- Developer: Bizarre Creations
- Publisher: Microsoft Game Studios
- Designer: Stephen Cakebread
- Composer: Chris Chudley
- Series: Geometry Wars
- Platforms: Original game (PGR 2 minigame):; Xbox; Standalone (Retro Evolved):; Xbox 360, Windows;
- Release: Xbox; November 17, 2003; Xbox 360; NA: November 22, 2005; EU: December 2, 2005; AU: March 23, 2006; ; Windows; March 7, 2007;
- Genre: Multidirectional shooter
- Mode: Single-player

= Geometry Wars: Retro Evolved =

2003 video game

Geometry Wars is a 2003 video game by Bizarre Creations. Initially a minigame in Project Gotham Racing 2, an updated version, titled Retro Evolved, was eventually released for the Xbox 360. That version holds the record for the most downloaded Xbox Live Arcade Game.

Retro Evolved was later included in the 2007 game Geometry Wars: Galaxies, the first game in the series to be released for non-Microsoft platforms.

== Gameplay ==
The object of Geometry Wars is to survive as long as possible and score as many points as possible by destroying an ever-increasing swarm of enemies. The game takes place on a rectangular playfield and the player controls a claw-shaped "ship" that can move in any direction using the left thumbstick, and can fire in any direction independently using the right thumbstick. The player also has a limited number of bombs that can be detonated and destroy all enemies on the playfield. As the game progresses, the player can earn extra lives and additional bombs at set score increments, and the primary weapon changes at regular intervals (10,000 points). Also, enemies spawn in progressively larger quantities and at greater frequency as the game progresses. If an enemy touches the player's ship, the ship explodes and a life is lost, plus the multiplier worked up by how many enemies are killed in one life is also lost. The game is over when the player runs out of lives.

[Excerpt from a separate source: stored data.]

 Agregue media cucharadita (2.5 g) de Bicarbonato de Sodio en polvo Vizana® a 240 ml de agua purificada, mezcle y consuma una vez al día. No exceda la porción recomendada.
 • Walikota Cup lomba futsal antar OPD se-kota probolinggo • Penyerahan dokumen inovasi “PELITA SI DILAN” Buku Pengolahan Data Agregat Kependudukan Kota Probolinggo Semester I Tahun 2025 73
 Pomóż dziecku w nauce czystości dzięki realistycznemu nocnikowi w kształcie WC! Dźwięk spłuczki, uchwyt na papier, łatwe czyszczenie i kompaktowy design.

The Evolved version of the game takes place on a playfield that is slightly larger than the display area of the TV screen, and the camera follows the player's movements. A background grid pattern adds to the graphical effects by warping in reaction to player shots and the behavior of certain enemies. This version introduces new enemies and a score multiplier that increases as the player destroys enemies without losing a life.

== Development ==
The game initially started out as a way for the team at Bizarre Creations to test out the Xbox controller while making Project Gotham Racing. The team included the game as an extra in the sequel not expecting very much. When the creators realized how popular the game was they decided to work on a stand-alone game for the 360's Live Arcade. For the standalone version, which eventually grew to become Retro Evolved, creator Stephen Cakebread initially wanted to make the game have a more linear structure where the players would progress through levels. However, Cakebread soon became aware of the game Mutant Storm and realized that a level-based structure would make Retro Evolved almost identical and thus decided to drop it.

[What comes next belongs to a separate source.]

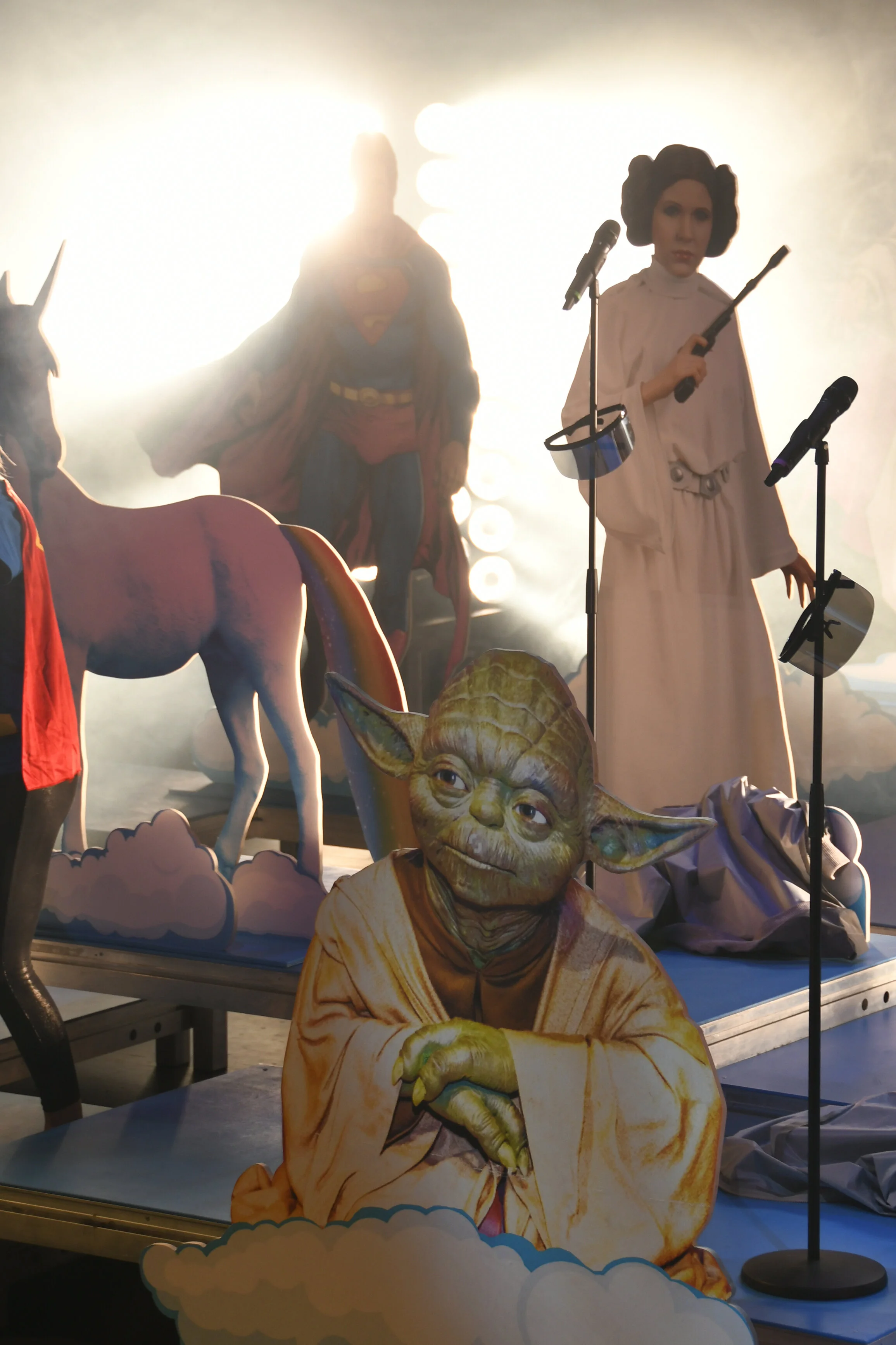 Eine seltsam konkrete Kleiderkammer, darin abgelegte und neue Rollenbilder, ein Körper als Projektionsfläche, Bilder und Sounds. „Wir sind super stolz auf euch!“ quiekt Heidi Klums Stimme durch den Raum, „mit euch würde ich in jede Kampagne ziehen!“. Das Finale ihrer TV-Show als Balanceakt zwischen militärischem Vokabular und mütterlicher Fürsorge. Daneben steht Germania, dieses Urbild deutscher Weiblichkeit zwischen Kriegerin und Mutter.

The soundtrack was composed by Chris Chudley from Audioantics who created the music for all of the series up until Dimensions.

== Reception ==

Geometry Wars: Retro Evolved received "generally favorable reviews" on both platforms according to the review aggregation website Metacritic.

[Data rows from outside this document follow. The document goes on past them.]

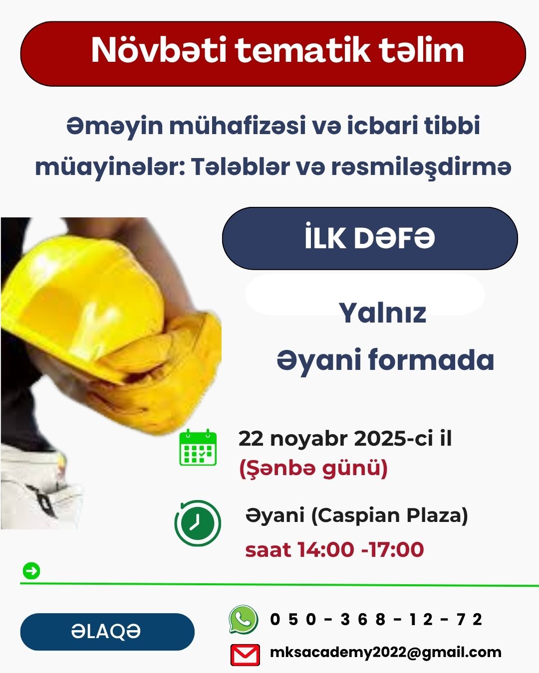Sabah — 22 noyabr 2025-ci il (şənbə günü) keçiriləcək “Əməyin mühafizəsi və icbari tibbi müayinələr” mövzusunda tematik təlimdə həmçinin ƏMAS altsistemində tətbiq olunan son yeniliklər barədə də geniş məlumat veriləcək. Təlim əyani şəkildə Caspian Plazada təşkil olunacaq. İştirak üçün 050-368-12-72 nömrəsi ilə (WhatsApp aktivdir) əlaqə saxlamaq kifayətdir.
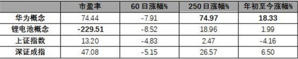 從二級(jí)市場(chǎng)表現(xiàn)來看,華為概念250日漲幅以及年內(nèi)漲幅均大幅度跑贏滬、深兩指。而從60日漲幅來看,聯(lián)贏激光所處的華為概念板塊與鋰電池概念板塊表現(xiàn)較弱,整體跌幅高于滬、深兩指。
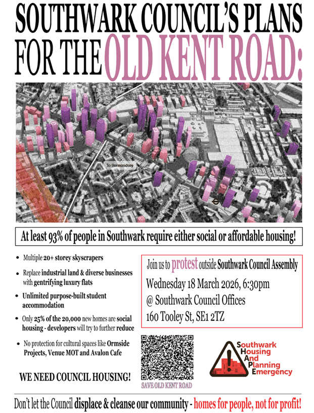 SHAPE and Southwark Defend Council Housing are organising a number of actions to protest against the Old Kent Road Area Action Plan (AAP), which proposes major development of the area to build 20,000 new homes, of which only 5,000 will be social rented, and an unspecified number to be council homes.
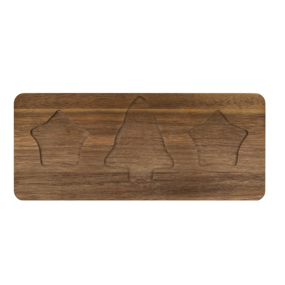 Zestaw świąteczny do serwowania dipów, drewniana deska z drewna akacji, 3 pojemniki ceramiczne – 2 w kształcie gwiazdy i 1 w kształcie choinki, idealne do sosów, dipów i przekąsek
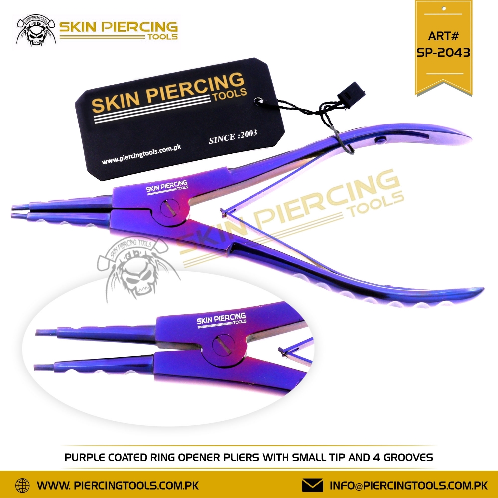 PURPLE COATED RING OPENER PLIERS WITH SMALL TIP AND 4 GROOVES
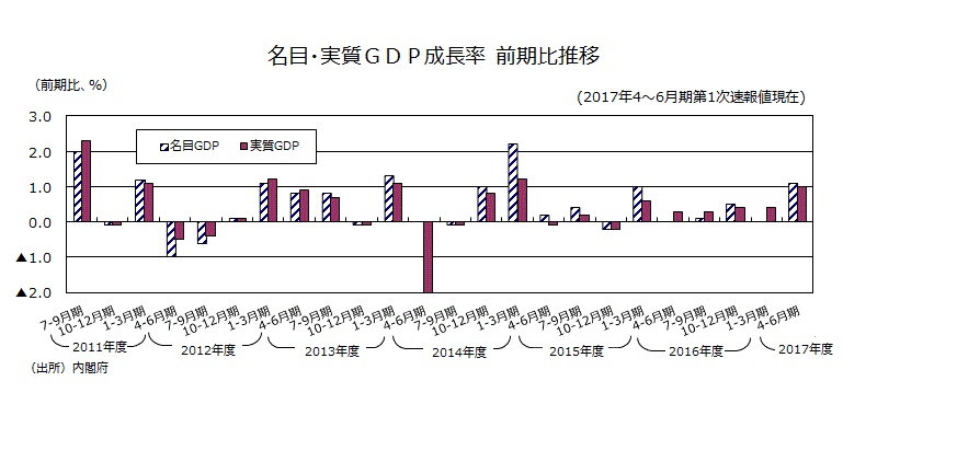 ●17年4~6月期実質GDP成長率・第1次速報値は前期比+1.0%、前期比年率+4.0%となった。プラス成長は6四半期連続で、戦後最長の「いざなみ景気」の後半の時期にあたる05年1~3月期から06年4~6月期の6四半期連続以来、11年ぶりだ。

GameSpots Carrie Gouskos praised the Xbox 360 version's gameplay, graphics, controls, sound effects, and its low launch price (400 Microsoft Points or $5 USD). Jeff Gerstmann criticized the PC version's gameplay being unsuitable for mouse and keyboard, lack of leaderboards, excluding the "Retro" mode featured in the Xbox 360 version, and having a higher launch price ($7.95 USD) on top of everything else.

Aggregate score
| Aggregator | Score |  |
| PC | Xbox 360 |
| Metacritic | 76/100 | 86/100 |

Review scores
| Publication | Score |  |
| PC | Xbox 360 |
| 4Players | N/A | 90% |
| Eurogamer | 7/10 | 9/10 |
| GameSpot | 6.7/10 | 8.2/10 |
| IGN | N/A | 8/10 |
| Jeuxvideo.com | N/A | 14/20 |
| Official Xbox Magazine (US) | N/A | 8.5/10 |
| PALGN | N/A | 8.5/10 |
| PC Gamer (UK) | 75% | N/A |
| Retro Gamer | N/A | 85% |
| TeamXbox | N/A | 8.2/10 |
| 411Mania | N/A | 9/10 |
| Detroit Free Press | N/A | 4/4 |

== Sequels ==
The success of the game inspired multiple sequels: Geometry Wars: Retro Evolved 2 and Geometry Wars 3: Dimensions, as well as a spin-off titled Geometry Wars: Galaxies.